Available data below:
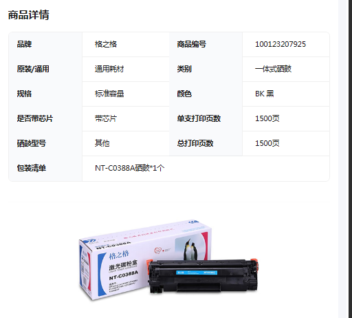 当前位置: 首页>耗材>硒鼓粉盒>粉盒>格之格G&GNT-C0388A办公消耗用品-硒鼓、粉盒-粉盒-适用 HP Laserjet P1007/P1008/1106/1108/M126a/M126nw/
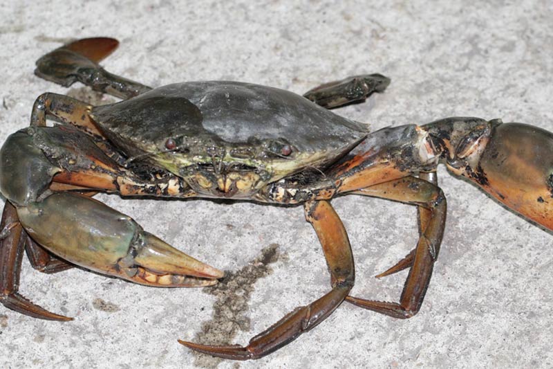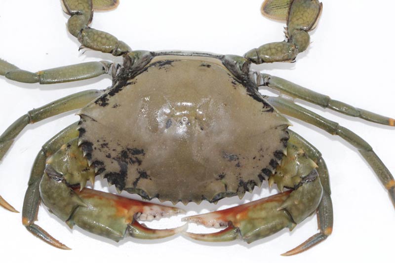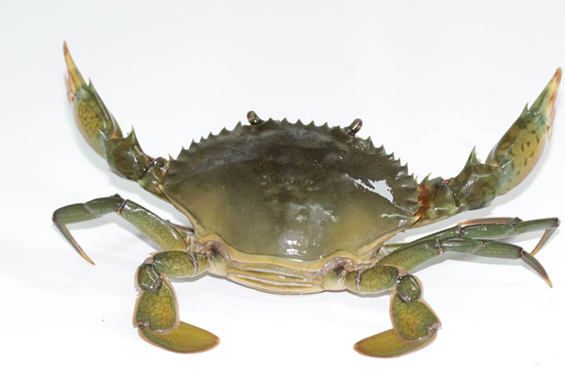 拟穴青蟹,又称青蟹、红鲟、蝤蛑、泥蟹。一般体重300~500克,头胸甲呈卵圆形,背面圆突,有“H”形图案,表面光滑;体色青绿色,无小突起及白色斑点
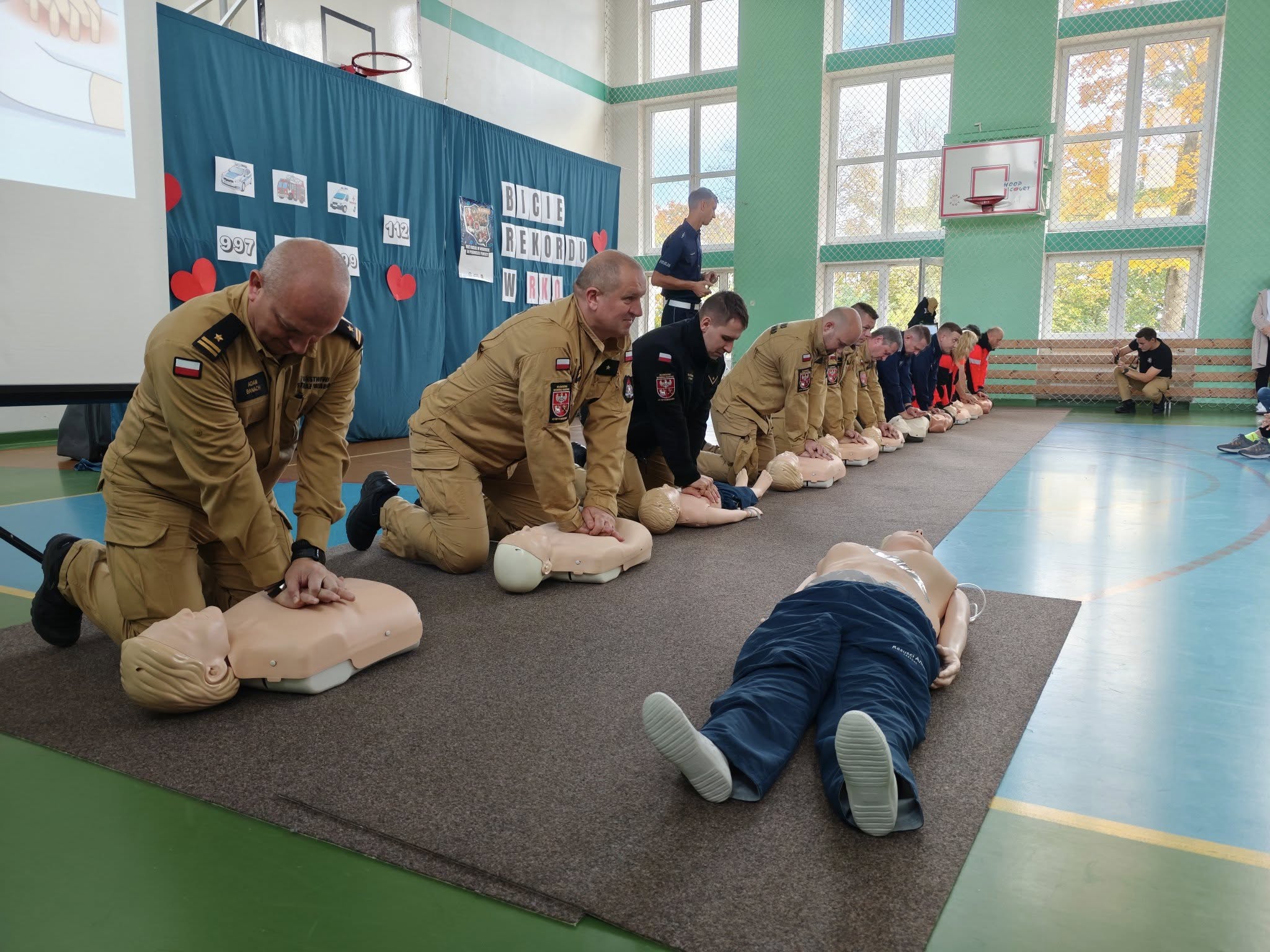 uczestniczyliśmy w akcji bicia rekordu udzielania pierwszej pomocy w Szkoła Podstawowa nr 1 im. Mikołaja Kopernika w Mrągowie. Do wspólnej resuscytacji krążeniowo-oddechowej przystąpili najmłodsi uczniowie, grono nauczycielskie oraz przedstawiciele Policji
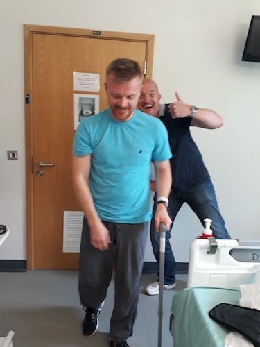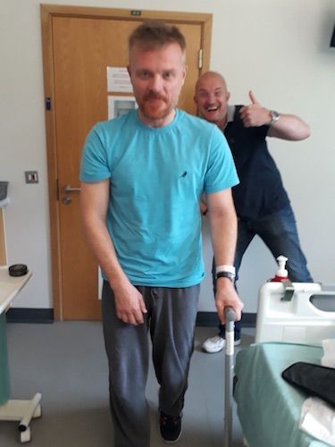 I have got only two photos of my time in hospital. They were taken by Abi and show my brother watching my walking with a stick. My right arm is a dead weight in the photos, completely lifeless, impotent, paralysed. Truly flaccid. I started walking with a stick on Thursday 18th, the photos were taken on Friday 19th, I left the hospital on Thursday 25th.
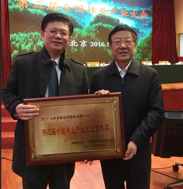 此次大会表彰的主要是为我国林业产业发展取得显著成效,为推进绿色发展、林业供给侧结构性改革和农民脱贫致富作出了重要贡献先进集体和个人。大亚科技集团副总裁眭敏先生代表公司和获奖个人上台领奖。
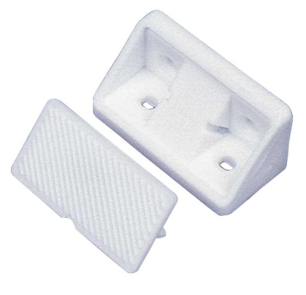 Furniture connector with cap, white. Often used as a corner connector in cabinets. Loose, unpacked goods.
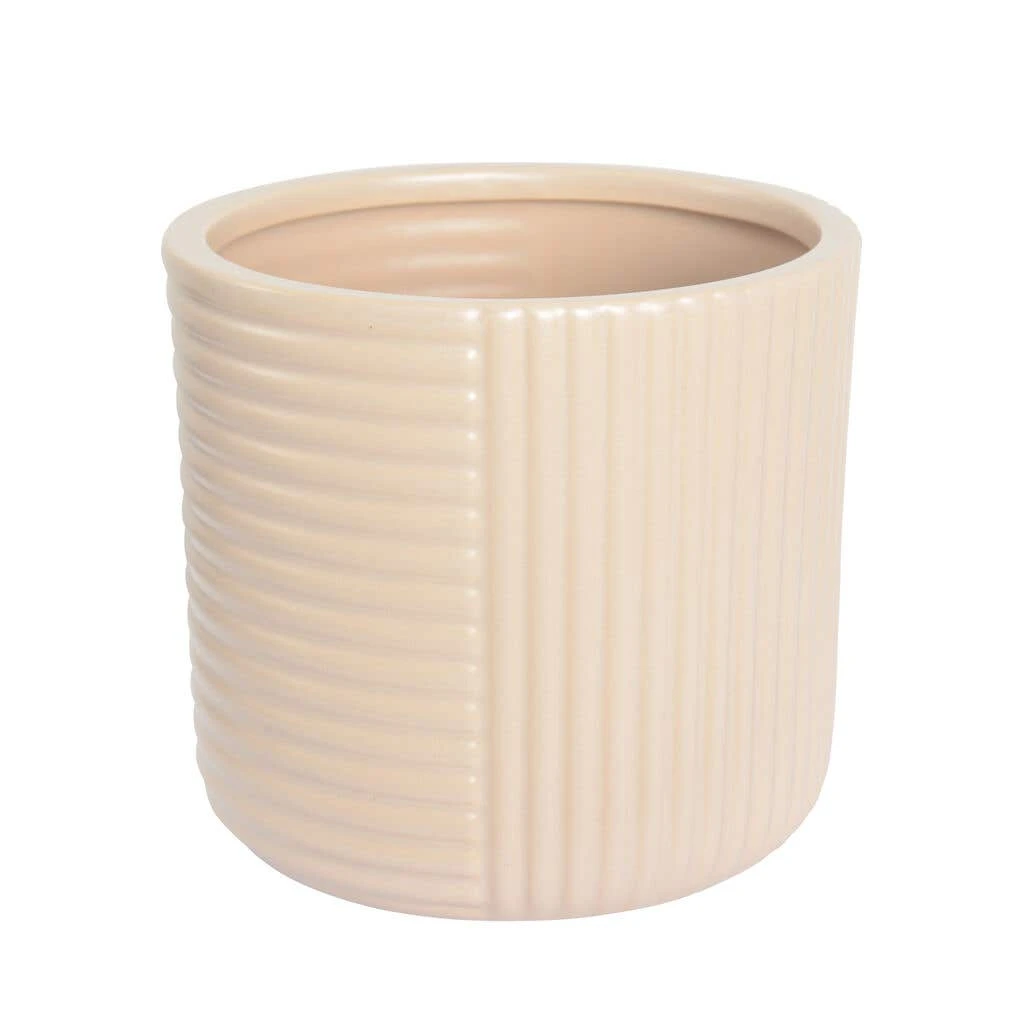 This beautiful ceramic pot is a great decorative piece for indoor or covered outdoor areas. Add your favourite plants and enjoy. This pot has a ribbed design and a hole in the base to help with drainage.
End of Available data.
## What to produce
The material above must be reproduced line for line, with the images omitted.

## Answer box
 当前位置: 首页>耗材>硒鼓粉盒>粉盒>格之格G&GNT-C0388A办公消耗用品-硒鼓、粉盒-粉盒-适用 HP Laserjet P1007/P1008/1106/1108/M126a/M126nw/
 拟穴青蟹,又称青蟹、红鲟、蝤蛑、泥蟹。一般体重300~500克,头胸甲呈卵圆形,背面圆突,有“H”形图案,表面光滑;体色青绿色,无小突起及白色斑点
 uczestniczyliśmy w akcji bicia rekordu udzielania pierwszej pomocy w Szkoła Podstawowa nr 1 im. Mikołaja Kopernika w Mrągowie. Do wspólnej resuscytacji krążeniowo-oddechowej przystąpili najmłodsi uczniowie, grono nauczycielskie oraz przedstawiciele Policji
 I have got only two photos of my time in hospital. They were taken by Abi and show my brother watching my walking with a stick. My right arm is a dead weight in the photos, completely lifeless, impotent, paralysed. Truly flaccid. I started walking with a stick on Thursday 18th, the photos were taken on Friday 19th, I left the hospital on Thursday 25th.
 此次大会表彰的主要是为我国林业产业发展取得显著成效,为推进绿色发展、林业供给侧结构性改革和农民脱贫致富作出了重要贡献先进集体和个人。大亚科技集团副总裁眭敏先生代表公司和获奖个人上台领奖。
 Furniture connector with cap, white. Often used as a corner connector in cabinets. Loose, unpacked goods.
 This beautiful ceramic pot is a great decorative piece for indoor or covered outdoor areas. Add your favourite plants and enjoy. This pot has a ribbed design and a hole in the base to help with drainage.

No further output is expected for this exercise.